En ce qui concerne la décision fixant le pays de destination :
15. Aux termes de l’article 3 de la convention européenne de sauvegarde des droits de l’homme et des libertés fondamentales : « Nul ne peut être soumis à la torture ni à des peines ou traitements inhumains ou dégradants ».
16. Si M. B soutient qu’il risque de se voir infligé de mauvais traitements en cas de retour en Guinée en raison d’un conflit successoral avec son oncle, il ne l’établit pas suffisamment en joignant seulement à sa requête le récit de ce conflit produit à l’appui de sa demande d’asile ainsi que le témoignage d’un chef de quartier du 4 octobre 2018, alors que cette demande d’asile a été définitivement rejetée par une décision de la cour nationale du droit d’asile le 21 mars 2019 et qu’aucun autre élément ne vient étayer ce récit, ni le lien entre les blessures qui lui ont été infligées et ce conflit.
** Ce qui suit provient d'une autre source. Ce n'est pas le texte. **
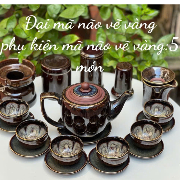 Bộ Ấm Chén Trà Gốm Tử Sa -Mã Não Vẽ Vàng Kèm Phụ Kiện

Le moyen tiré de la méconnaissance de l’article 3 de la convention européenne de sauvegarde des droits de l’homme et des libertés fondamentales doit être écarté.
17. Il résulte de tout ce qui précède que M. B n’est pas fondé à soutenir que c’est à tort que, par le jugement attaqué, le tribunal administratif de Marseille a rejeté sa demande. Par voie de conséquence, ses conclusions à fin d’injonction et d’astreinte et celles fondées sur les dispositions de des articles L. 761-1 du code de justice administrative et 37 de la loi du 10 juillet 1991 doivent être rejetées.
D É C I D E :
Article 1er : La requête de M. B est rejetée.
Article 2 : Le présent arrêt sera notifié à M. A B, au ministre de l’intérieur et à Me Braccini
Copie en sera adressée au préfet des Bouches-du-Rhône.
Délibéré après l’audience du 4 septembre 2025, à laquelle siégeaient :
— M. Portail, président,
— Mme Hameline, présidente-assesseure,
— M. Claudé-Mougel, premier conseiller.
Rendu public par mise à disposition au greffe 18 septembre 2025.